Both the building code and current selection of design / built rating tools only focus on the design of a building for comparative purposes.  While it’s commonly accepted the building code has no business telling occupants how to use their building, a common criticism of rating tools is a good rating does not imply good performance in practice.  We should remember that, similar to the building code, a design (or built) rating is not equipped to measure how a tenant uses a building in practice, though in theory should limit the damage somewhat.  Similar to how a car’s economy rating is decided independent of the driver, and we would hope that a lead-footed driver will use less petrol driving a three star than a five star car, but would still use more petrol than my dear old Grandma in the same vehicle (bless her).

Much cynicism arises from the lack of actual published performance figures for supposed green buildings.  Even when known this data is usually shrouded in commercial sensitivity, but in the cases where we have been involved in the aftercare (typically a 24-month commissioning period) the building has been performing very well – though as always has not been without teething problems.  The success of the Meridian building in this regard is well documented, we hope to return to this building to repeat our Post Occupancy work now the novelty factor will have less influence.

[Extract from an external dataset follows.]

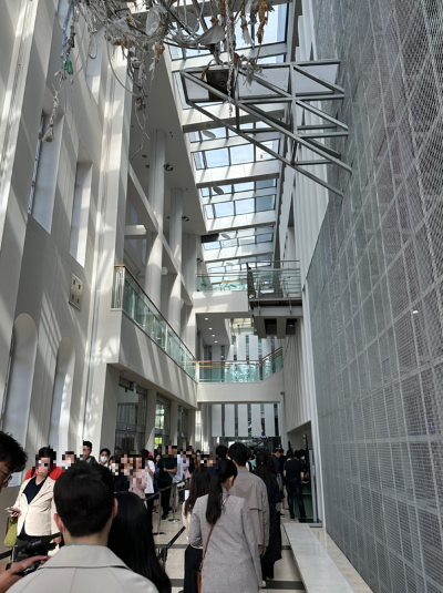처음에 입장을 동시에 하기 때문에 사람들이 우르르 몰려서 들어가서 2층의 작품 관람 대기 줄이 깁니다. 순서대로 관람을 해도 되지만, 처음에는 붐비기 때문에, 다른 층을 먼저 관람하는 것도 가능합니다.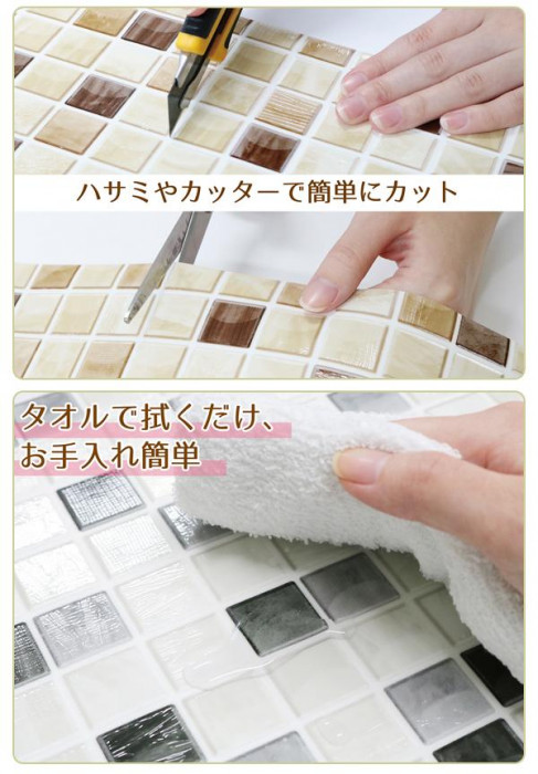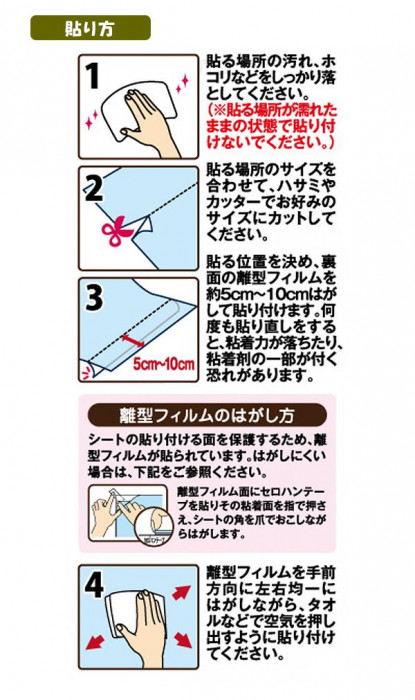 商品詳細:賃貸住宅でもDIYを楽しみたい!!そんなあなたにピッタリ♪貼りたい場所のサイズに、ハサミで簡単にカットすることができます。ピタッと簡単に貼れてズレないのに、キレイにはがせます。防水性に優れているので、汚れてもサッと拭くだけでOKです。 生産国:日本 素材・材質:表面:塩化ビニル樹脂 中間層:ポリエステル粘着剤:アクリル系樹脂 商品サイズ:80×100cm、厚み:0.24mm 付属品:取扱説明書

Unfortunately the opportunities to carry out these sorts of studies and actually return to a building to monitor and benchmark performance are all too rare.  As a building scientist I liken this to carrying out a multi-million dollar experiment and not bothering to collect the results.  Even a basic review of user satisfaction, energy and water use creates a feedback loop to the design process from which the design team can learn and incorporate into the next building.  The stumbling block is that clients often don’t have a ‘next building’ and therefore don’t view this as a benefit to themselves – possibly not helped by me trivialising their multi-million dollar investment as an ‘experiment’.


This may all change in the future with the forthcoming New Zealand version of NABERS which could possibly lead to the introduction of mandatory disclosure statements.  Used in the UK, recently introduced in Australia and sure to follow Green Star across the Tasman at some stage, these encourage (and in the case of public buildings; obligate) landlords to measure and report their building’s energy use.  Similar schemes are in place for water, waste and indoor environmental quality.

This shift to actual performance is the acid test for both designers and occupants, and will require a further shift in green building practices.  Architects will have a leading role to play.  The focus on design attributes has tended to reward gadgets and gimmickry.  Highly efficient mechanical systems can be used to hide an underperforming building fabric – it irks that thousands of years of passive design knowledge appears to have been undone since the rise of air conditioning from the deserts of World War Two.  And it is questionable whether this approach will stand up to the rigours of an ‘in-use’ style assessment.

Green architecture is more than a collection of technological features.  Truly successful sustainable design comes from a design team which cooperates and collaborates outside their respective fields of expertise – not one in which the Architect has abdicated leadership to the building services engineers. 

As economies improve the motivators will return; oil prices will rise, resources will run scarce, carbon will turn back into a political football, and many clients will decide they have the financing to ‘do the right thing’.  As an industry we need to be prepared to not only produce good results when the ribbon is cut, but also stand by and learn from our work over time.